Getting Started With Trees 🌲

Published in

The Startup

8 min readJun 14, 2020

A Tree is an important element, not just in the real world but also when it comes to Programming, Data Science, etc. In Computer Science, a Tree is an important Data Structure which is useful for storing hierarchically ordered data.

We say Trees are the beauty of nature. They need not get ugly when the term — data-structure is appended to them.

If you have read about data-structures, you are probably aware and well acquainted with linear data structures like Arrays, Linked-list, Stacks, Queues, etc.
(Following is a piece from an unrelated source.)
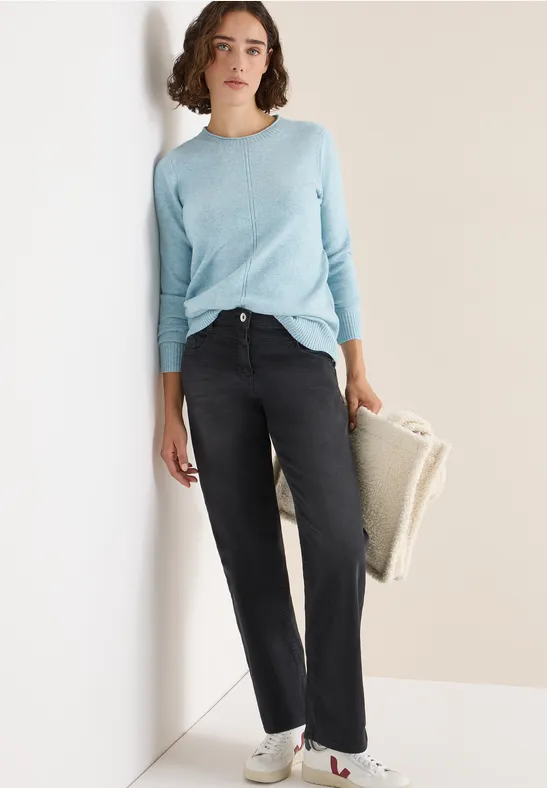 Deze knusse gebreide trui van CECIL voor dames zal je bekoren met zijn zachte stof en comfortabele gevoel. De gestructureerde details en de klassieke ronde hals geven hem een stijlvolle touch. Een ideale metgezel voor ontspannen looks met een feel good-factor.
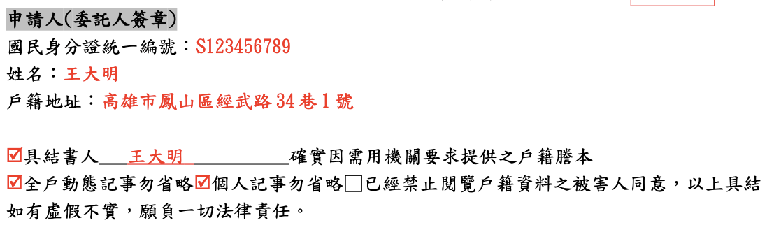 填寫「申請人身分證字號」、「姓名(簽名或蓋章)」、「戶籍地址」。

Trees are non-linear data structures which most of us think as something very complex and end our journey into data structure at Trees itself .

Well, this article will be a dive-in into the concepts of Trees, Basic Terminology, their Types, Working and Applications in real life and explain it in an easily understandable beginner-friendly approach.

TREE DATA STRUCTURE

In simplest of terms, a Tree is a data structure consisting of collection of nodes connected by edges (which don’t form a closed loop). They are a hierarchical non-linear structure because they don’t store the data in a linear fashion as in case of arrays or lists.

Each Tree will have root node and the nodes related to it will be connected to the root node as its children. Let’s look into some important terms used in Trees and what these terminology exactly mean.

BASIC TERMINOLOGY 🧐

Root → The topmost node in the hierarchy of the tree data-structure is known as the Root node.
Child → A node which has a parent is called as the Child node of the parent.
Parent → A node that is just previous to the current node is called as the Parent node of current node.
Edge → A link between any two nodes is called as edge or link of those two nodes.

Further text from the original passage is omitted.